This is home to Cosmogony, a project that aims at providing an efficient tool to quickly use and update worldwide geographical regions. It returns geographical zones with a structured hierarchy to easily know that Paris is a city
in the state
Île-de-France in the country
France. The architecture of Cosmogony is based on OpenStreetMap data and on the exploitation of well defined libpostal rules to type each zone according to its country. Then the resulting hierarchy is built thanks to geographical inclusion. An example of a full data extract can be browsed at http://cosmogony.world.

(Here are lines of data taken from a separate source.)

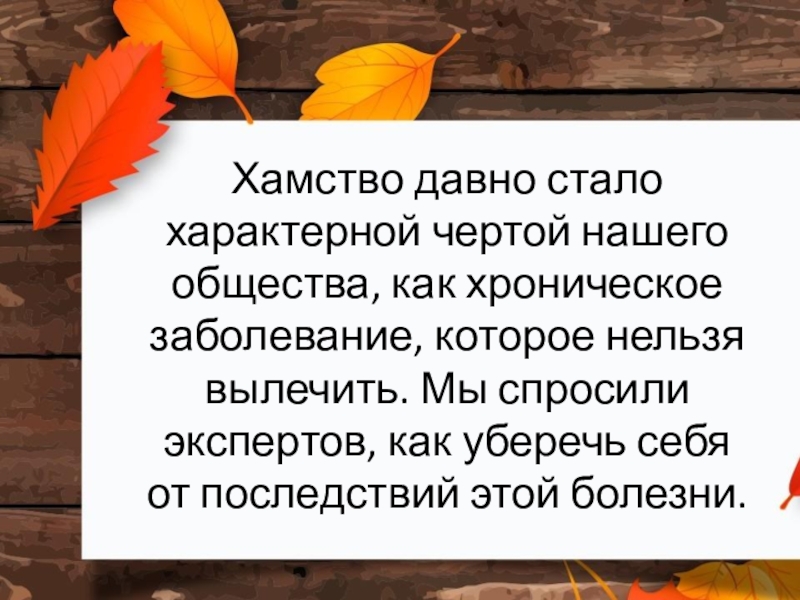 Слайд 8Хамство давно стало характерной чертой нашего общества, как хроническое заболевание, которое
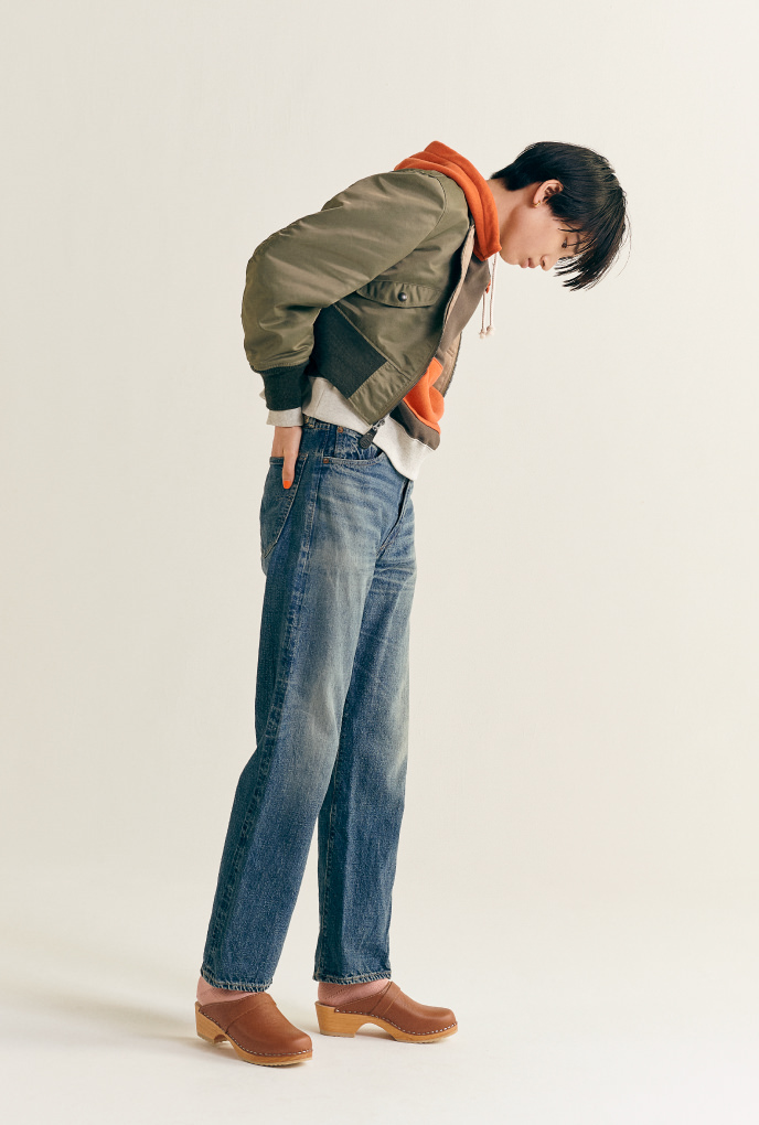 飛行外套×連帽上衣×牛仔褲,美式休閒的王道。鞋子的話,雖想搭配一雙〈Red Wing〉的工作靴,還是選擇了圓頭廚師鞋。享受鞋子部分混搭的風格也很BOY呢。
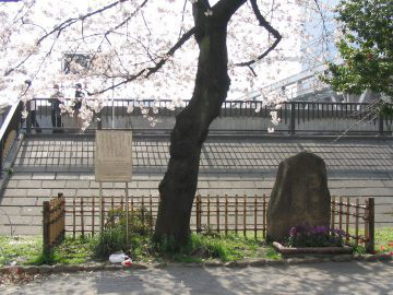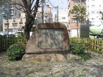 武島羽衣(たけしまはごろも)作詞・滝廉太郎作曲「花」。本碑は、羽衣自筆の歌詞を刻み、昭和31年(1956)11月3日、その教え子たちで結成された「武島羽衣先生歌碑建設会」によって建立された。
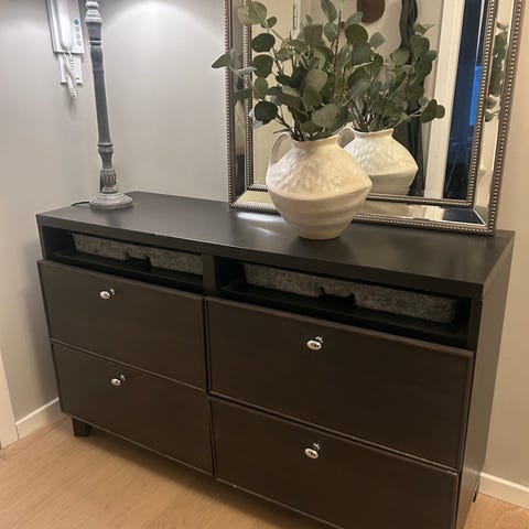 Pent brukt som TV-skjenk. 3 store skuffer til oppbevaring. Den har et lite merke på overflaten, se bilde 2, men det er ikke noe man tenker over.
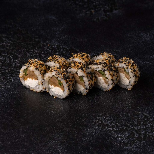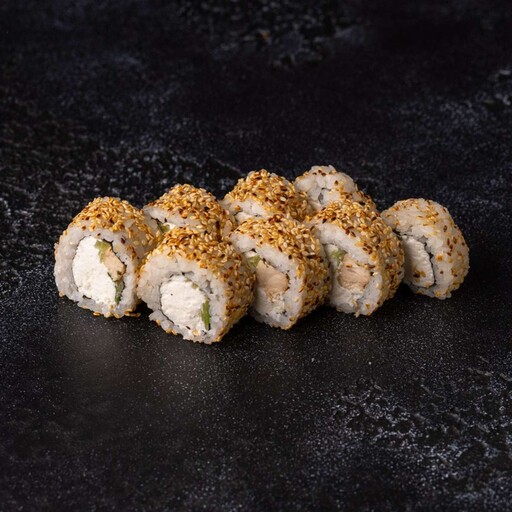 Рис, нори, сыр творожный, курица, огурец, кунжут
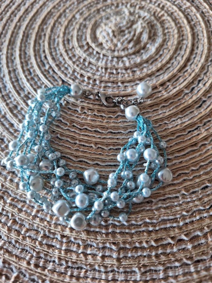 Bracelet fantaisie perles bleu ciel - photo numéro 1
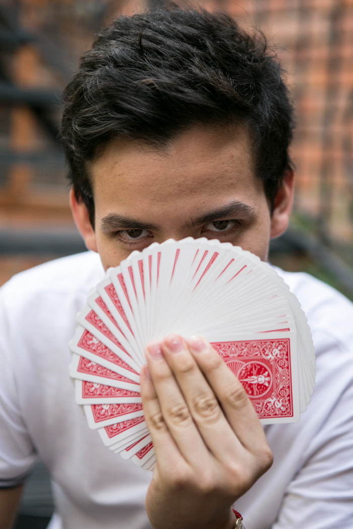 Ahora con 18 años es el alumno con el promedio más alto del segundo semestre de Diseño Gráfico de la Universidad del Norte. Siempre anda con las cartas en los bolsillos o en las manos, se han convertido en sus pies.

To explore and navigate fluently in the built hierarchy, Cosmogony comes along with two other tools:
Below is a brief visualisation of a basic use case of the Cosmogony Explorer:
🚧 Until we propose a direct data download, you have to extract your geographic regions by yourself (see below). 🚧
The best way to explore the data (i.e. the coverage, the zones metadata, the hierarchy...) is our Cosmogony Explorer
🚧 In the future, we may create other tools to use the data. Please share your ideas and needs in the issues. 🚧
You can build cosmogony to extract the regions on your own.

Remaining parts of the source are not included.